Chair of the Illinois Republican Party
- In office May 17, 2014 – February 6, 2021
- Preceded by: Jack Dorgan
- Succeeded by: Don Tracy

Member of the Cook County Board of Commissioners from the 15th district
- In office December 2006 – December 2018
- Preceded by: Carl R. Hansen
- Succeeded by: Kevin Morrison

Hanover Township Trustee
- In office 1984–1997

Personal details
- Born: November 11, 1955 (age 70)
- Party: Republican
- Alma mater: University of Illinois Urbana-Champaign (BS)
- Website: Official website

= Tim Schneider =

Timothy O. Schneider (born 11 November 1955) is the former chairman of the Illinois Republican Party and a former member of the Cook County Board of Commissioners representing the 15th district, which includes all or parts of Arlington Heights, Barrington, Barrington Hills, Bartlett, Elgin, Elk Grove Village, Hanover Park, Hoffman Estates, Inverness, Mount Prospect, Rolling Meadows, Roselle, Schaumburg, South Barrington and Streamwood.

==Education and personal life==
Schneider graduated from the University of Illinois with a Bachelor of Science degree. Schneider serves as general partner/owner of The Golf Club of Illinois in Algonquin, and Waterwerks Car Wash in Elgin, Illinois.

==Political career==

===Cook County Board of Commissioners===
In 2006, Schneider was elected to the 15th district seat on the Cook County Board of Commissioners. He was reelected in 2010 and 2014. In 2018, Schneider was defeated in his re-election bid by Democrat Kevin Morrison. CBS News regarded Schneider's defeat by Morrison to be a significant upset victory for the Democratic Party in what was regarded to be a strong year for Democrats.

As a member of the Cook County Board of Commissioners, he was also a de facto member of the board of the Forest Preserve District of Cook County.

====Commissioner from the 15th District of Cook County, Illinois====
Upon election he quickly established himself as a strong advocate for the taxpayers of Cook County. The Chicago Tribune called Schneider "a strong and absolutely unwavering voice for streamlining county government" and "an extraordinary member of a Board that could use many more like him."
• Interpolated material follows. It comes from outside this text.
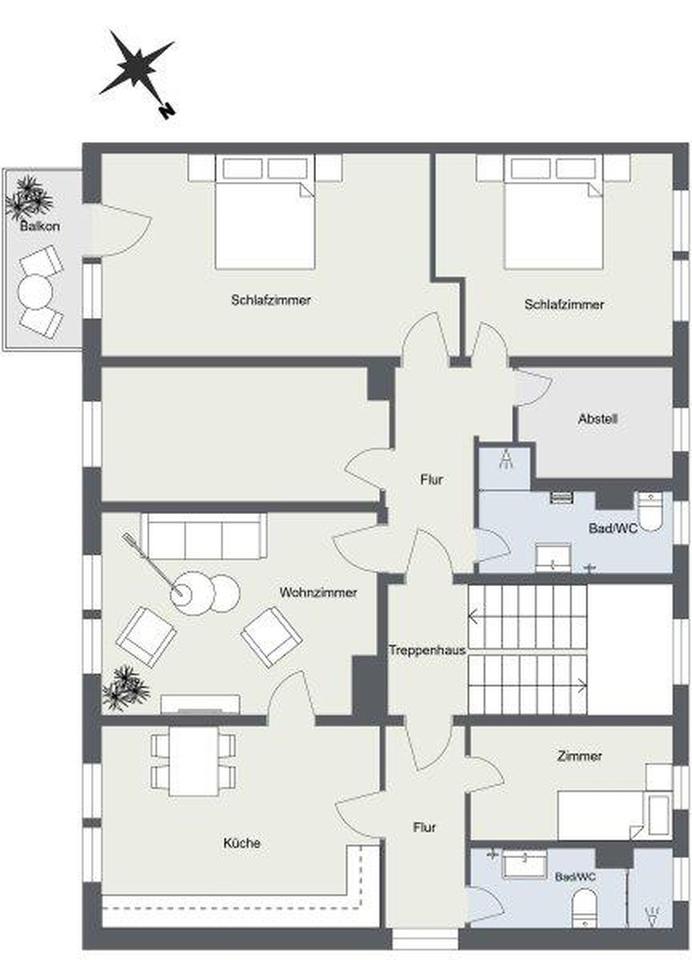 Beim Betreten der Wohnung gelangt man in einen hellen Flur mit Fenster, von dem aus rechts direkt ein Zimmer zugänglich ist, das entweder als Garderobe oder als zusätzlicher Raum genutzt werden kann. Weiter entlang des Flurs erreicht man das Badezimmer und gelangt in die großzügige Wohnküche, die ausreichend Platz für eine Küche und eine Sitzecke bietet. Direkt neben der Küche befindet sich das Wohnzimmer. Vom Wohnzimmer aus gelangt man durch eine Tür in den Wohn- und Schlafbereich mit drei Schlafzimmern, einem großen Abstellraum, der auch Platz für Waschmaschine und Trockner bietet, sowie einem weiteren Badezimmer. Von einem der Zimmer aus gelangt man auf den Balkon mit einer herrlichen Aussicht bis zum Isergebirge.

According to his constituency site, during his first term as commissioner, Schneider lead the fight to repeal President Todd Stroger's sales tax increase. Schneider authored legislation that reduced campaign contribution limits for companies doing business with Cook County in half. As Chairman of the Finance Subcommittee on Workers Compensation, Schneider championed legislation that combats workers compensation fraud by requiring injured employees to submit to recorded interviews detailing each workplace accident.

In 2015, Schneider sponsored a resolution opposing a property tax increase to fill the 2016 budget gap. The resolution was prevented from coming to a vote by political maneuvering at the April 1, 2015 Cook County Board meeting.

Schneider opposed the positions of Toni Preckwinkle (the county board president) and Chuy García (who served as Preckwinkle's floor leader) to a significantly greater extent than his colleagues on the board. However, the county board tended to very few divided votes.

====Forest Preserve District of Cook County====
As a member of the Cook County Board of Commissioners, Schneider also served as a commissioner for the Forest Preserve District of Cook County. The Forest Preserves encompass approximately 68,000 acres (275 km²) of open space throughout the county. It contains facilities for recreation and camping, as well as a zoo and a botanic garden.

In 2009, the Cook County Forest Preserve District purchased land owned by Schneider's family for over $10 million. Schneider was called out by many board members, even ones in his own party, for violating ethics.

===Illinois Republican Party===
In 2013, Schneider expressed interest in running for Chairman of the Republican Party of Illinois, but pulled out before the vote.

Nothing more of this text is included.